/---
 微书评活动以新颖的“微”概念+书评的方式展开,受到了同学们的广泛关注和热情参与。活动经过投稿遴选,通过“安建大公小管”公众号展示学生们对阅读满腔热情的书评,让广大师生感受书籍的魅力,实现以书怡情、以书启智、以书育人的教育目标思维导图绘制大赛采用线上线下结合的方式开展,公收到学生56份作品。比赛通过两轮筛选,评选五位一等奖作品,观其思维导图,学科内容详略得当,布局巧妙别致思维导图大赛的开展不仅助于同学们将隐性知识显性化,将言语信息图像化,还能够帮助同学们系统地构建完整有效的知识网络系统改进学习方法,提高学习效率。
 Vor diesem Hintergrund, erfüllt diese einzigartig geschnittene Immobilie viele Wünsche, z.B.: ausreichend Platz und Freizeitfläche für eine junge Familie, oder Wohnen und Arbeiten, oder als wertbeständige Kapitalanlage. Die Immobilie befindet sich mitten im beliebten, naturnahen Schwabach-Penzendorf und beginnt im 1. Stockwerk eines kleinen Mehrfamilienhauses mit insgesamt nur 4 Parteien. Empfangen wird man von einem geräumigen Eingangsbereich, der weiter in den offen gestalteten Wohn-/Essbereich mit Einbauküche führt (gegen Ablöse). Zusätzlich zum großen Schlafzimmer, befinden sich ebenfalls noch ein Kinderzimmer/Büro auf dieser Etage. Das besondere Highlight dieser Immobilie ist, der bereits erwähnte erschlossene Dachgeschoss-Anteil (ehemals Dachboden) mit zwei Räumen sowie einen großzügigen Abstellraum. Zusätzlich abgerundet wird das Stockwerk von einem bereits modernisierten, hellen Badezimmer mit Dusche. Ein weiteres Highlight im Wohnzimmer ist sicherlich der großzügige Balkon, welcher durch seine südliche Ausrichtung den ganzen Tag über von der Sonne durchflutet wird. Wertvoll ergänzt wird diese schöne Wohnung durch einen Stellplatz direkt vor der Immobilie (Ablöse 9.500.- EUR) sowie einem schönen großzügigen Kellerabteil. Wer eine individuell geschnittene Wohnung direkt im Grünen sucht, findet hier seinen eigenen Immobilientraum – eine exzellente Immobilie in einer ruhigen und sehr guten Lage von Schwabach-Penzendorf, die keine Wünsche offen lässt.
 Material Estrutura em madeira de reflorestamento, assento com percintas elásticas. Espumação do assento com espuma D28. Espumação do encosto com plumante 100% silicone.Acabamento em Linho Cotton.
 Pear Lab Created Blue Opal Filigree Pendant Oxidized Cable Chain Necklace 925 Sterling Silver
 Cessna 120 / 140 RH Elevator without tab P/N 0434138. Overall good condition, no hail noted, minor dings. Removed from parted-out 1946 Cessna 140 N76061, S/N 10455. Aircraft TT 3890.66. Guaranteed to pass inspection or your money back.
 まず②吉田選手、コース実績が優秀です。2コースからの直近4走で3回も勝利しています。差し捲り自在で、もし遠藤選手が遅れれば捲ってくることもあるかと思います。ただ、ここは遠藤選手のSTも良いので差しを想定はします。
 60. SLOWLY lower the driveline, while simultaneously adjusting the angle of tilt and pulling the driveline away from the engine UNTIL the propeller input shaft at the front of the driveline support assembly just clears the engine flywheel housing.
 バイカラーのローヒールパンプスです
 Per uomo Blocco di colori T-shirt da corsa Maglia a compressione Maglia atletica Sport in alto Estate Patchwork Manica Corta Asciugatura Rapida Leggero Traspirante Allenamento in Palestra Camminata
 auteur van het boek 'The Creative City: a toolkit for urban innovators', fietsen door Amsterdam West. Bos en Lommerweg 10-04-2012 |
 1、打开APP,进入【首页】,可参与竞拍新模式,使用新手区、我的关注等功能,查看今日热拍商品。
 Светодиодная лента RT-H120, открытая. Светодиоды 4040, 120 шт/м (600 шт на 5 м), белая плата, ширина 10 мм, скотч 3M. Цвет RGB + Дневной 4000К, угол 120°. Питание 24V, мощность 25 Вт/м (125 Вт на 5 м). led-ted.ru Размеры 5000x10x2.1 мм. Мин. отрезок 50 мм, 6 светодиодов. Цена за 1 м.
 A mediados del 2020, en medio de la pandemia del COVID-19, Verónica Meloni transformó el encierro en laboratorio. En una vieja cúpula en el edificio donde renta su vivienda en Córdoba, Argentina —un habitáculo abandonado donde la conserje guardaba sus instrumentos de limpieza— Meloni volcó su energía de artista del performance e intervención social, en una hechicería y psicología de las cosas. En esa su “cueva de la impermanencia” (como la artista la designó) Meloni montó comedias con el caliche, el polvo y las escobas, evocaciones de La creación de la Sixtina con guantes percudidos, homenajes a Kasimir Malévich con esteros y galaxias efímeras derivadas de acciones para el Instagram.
\---
§ **Exercise brief**: Only certain lines are wanted. Please return exactly those from the top of the data through the line with "Pear Lab Created".

§ **Solution for this task**:
 微书评活动以新颖的“微”概念+书评的方式展开,受到了同学们的广泛关注和热情参与。活动经过投稿遴选,通过“安建大公小管”公众号展示学生们对阅读满腔热情的书评,让广大师生感受书籍的魅力,实现以书怡情、以书启智、以书育人的教育目标思维导图绘制大赛采用线上线下结合的方式开展,公收到学生56份作品。比赛通过两轮筛选,评选五位一等奖作品,观其思维导图,学科内容详略得当,布局巧妙别致思维导图大赛的开展不仅助于同学们将隐性知识显性化,将言语信息图像化,还能够帮助同学们系统地构建完整有效的知识网络系统改进学习方法,提高学习效率。
 Vor diesem Hintergrund, erfüllt diese einzigartig geschnittene Immobilie viele Wünsche, z.B.: ausreichend Platz und Freizeitfläche für eine junge Familie, oder Wohnen und Arbeiten, oder als wertbeständige Kapitalanlage. Die Immobilie befindet sich mitten im beliebten, naturnahen Schwabach-Penzendorf und beginnt im 1. Stockwerk eines kleinen Mehrfamilienhauses mit insgesamt nur 4 Parteien. Empfangen wird man von einem geräumigen Eingangsbereich, der weiter in den offen gestalteten Wohn-/Essbereich mit Einbauküche führt (gegen Ablöse). Zusätzlich zum großen Schlafzimmer, befinden sich ebenfalls noch ein Kinderzimmer/Büro auf dieser Etage. Das besondere Highlight dieser Immobilie ist, der bereits erwähnte erschlossene Dachgeschoss-Anteil (ehemals Dachboden) mit zwei Räumen sowie einen großzügigen Abstellraum. Zusätzlich abgerundet wird das Stockwerk von einem bereits modernisierten, hellen Badezimmer mit Dusche. Ein weiteres Highlight im Wohnzimmer ist sicherlich der großzügige Balkon, welcher durch seine südliche Ausrichtung den ganzen Tag über von der Sonne durchflutet wird. Wertvoll ergänzt wird diese schöne Wohnung durch einen Stellplatz direkt vor der Immobilie (Ablöse 9.500.- EUR) sowie einem schönen großzügigen Kellerabteil. Wer eine individuell geschnittene Wohnung direkt im Grünen sucht, findet hier seinen eigenen Immobilientraum – eine exzellente Immobilie in einer ruhigen und sehr guten Lage von Schwabach-Penzendorf, die keine Wünsche offen lässt.
 Material Estrutura em madeira de reflorestamento, assento com percintas elásticas. Espumação do assento com espuma D28. Espumação do encosto com plumante 100% silicone.Acabamento em Linho Cotton.
 Pear Lab Created Blue Opal Filigree Pendant Oxidized Cable Chain Necklace 925 Sterling Silver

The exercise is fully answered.